Whilst the Minister for Justice may have briefly alluded to it, the report failed to acknowledge the impact of austerity on the policing and justice systems, and stopped short of calling for additional, immediate funding - surely the most obvious first step in what has become a national crisis. It called for a return to 2016-2017 levels of rape prosecutions (still painfully low at 5,190 prosecutions out of 41,616 cases - or 12%) without questioning if this is a worthy target.

Senior ministers have spoken about the deep shame they feel at the drop in court cases and treatment of women - from ‘digital strip searches’ to having their credibility questioned.

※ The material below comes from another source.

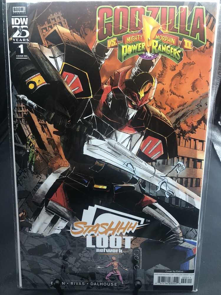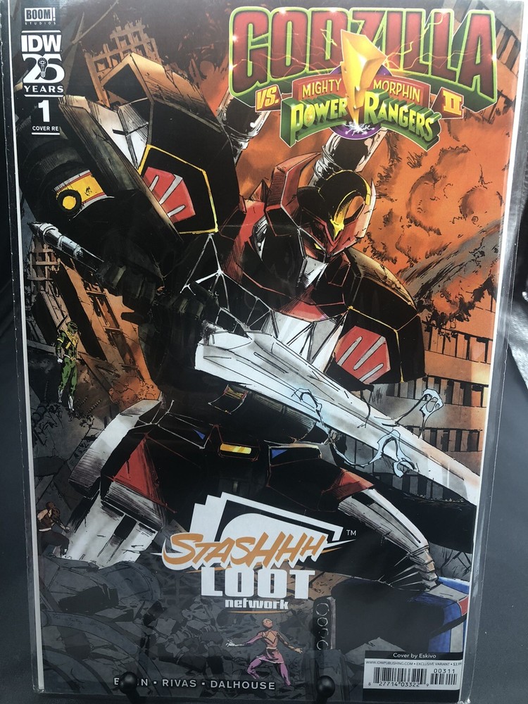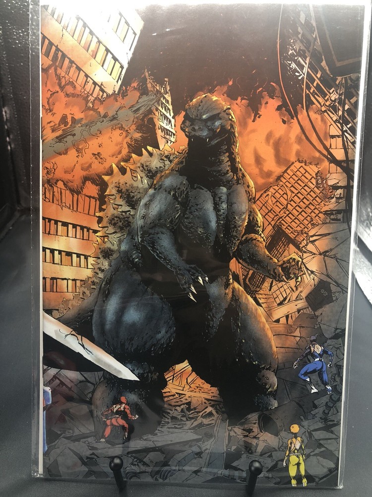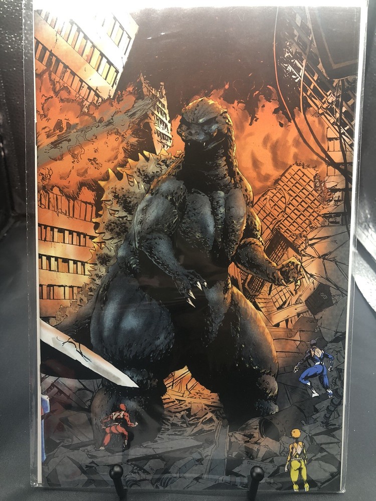 This exclusive virgin wraparound cover edition of Godzilla vs Power Rangers #1 features stunning artwork by Eskivo. Fans of both franchises will love this action-packed comic book that pits the giant lizard against the colorful superheroes. The comic is in excellent condition and has been stored in a protective sleeve since purchase. The issue number is #1 and it falls under the Collectibles, Comic Books & Memorabilia, Comics, and Comics & Graphic Novels categories. It features characters from the Power Rangers universe and Godzilla, making it a must-have for fans of either franchise. Don't miss out on the opportunity to own this rare and exciting comic book.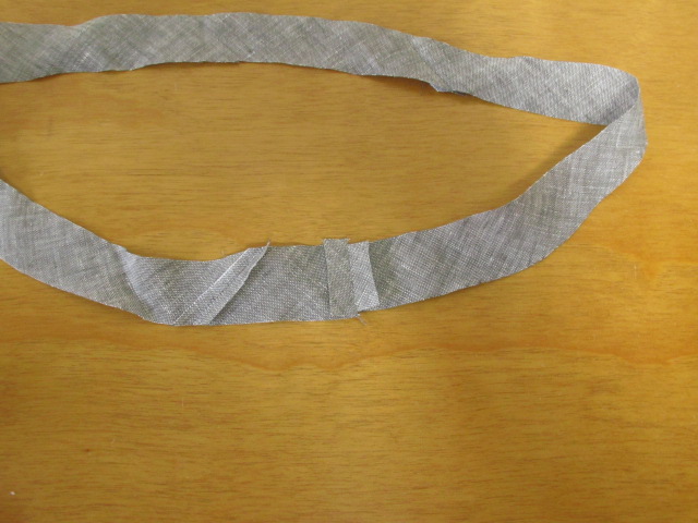 バイヤステープを指定寸法の輪にして、接ぎ目を後中心に合わせて、

I want to know where their shame is for consistently failing to make ending violence against women a political priority in the first place. The fact is, ignoring calls for a violence prevention strategy, choosing not to include migrant women in the Domestic Abuse Bill, and underfunding the criminal justice system are all political choices, made at the expense of women.

Organisations that specialise in ending violence against women and girls have rightly pointed out that recommendations of lengthy pilots and consultations does little more than kick the issue further down the road, as more and more women’s lives are adversely impacted and backlogs increase. It seems to me that trialing a pilot scheme is becoming a go-to response of this government. For example, in their response to frequent calls to include migrant women in the Domestic Abuse Bill - when they should be listening to calls for urgent, immediate action.

We need a radical shift of perspective if we are to tackle this problem at root, not just declarations of shame and apologetic rhetoric

If we want to ensure survivors are properly served by the criminal justice system in the future, we must listen and learn from those women who have been through that system. It is ludicrous that the review was conducted without the meaningful consultation of victims who could have offered unique insight into where immediate improvements can be made.

What we need is a dual approach - one that commits to the long-term, structural changes vitally needed to ensure our criminal justice system works for women, and a second for the immediate action that will make tangible differences for women who are going through the courts now.

One such action should be a significant investment in Independent Sexual Violence Advisers (ISVAs) and Independent Domestic Abuse Advisers (IDVAs), who safeguard women throughout the criminal justice process and advocate for their best interests.

The government suggestion is a boost of 700 - but this is a drop in the ocean when 9 out of 10 practitioners have reported increased demand in their services during Covid-19, leaving 41% unable to cope. Victims of sexual violence need much better access to mental health support and must have free legal advice provided to them from the very start of the process all the way through.

Long-term changes need to focus on prevention strategies, police training, and procedural overhauls, including some of the measures rightly set out in the review. We need a radical shift of perspective if we are to tackle this problem at root, not just declarations of shame and apologetic rhetoric. It simply isn’t good enough. We need to acknowledge, explicitly, and as an urgent matter of strategic concern, that violence against women and girls is a national threat - with costs and consequences that reverberate across society and transcend generations.

Apologies without subtantive action undermine any sense of sincerity that the government genuinely cares about reform, so I want to see a tangible, urgent plan to address what has effectively become the decriminalisation of rape in this country.

Our police and politicians need to go beyond simply managing violence against women and start preventing it. Contrition matters of course, but we need deeds not just words to turn the tide on systemic failure of this magnitude.

 

Mandu Reid is the leader of the British Women's Equality Party (WEP).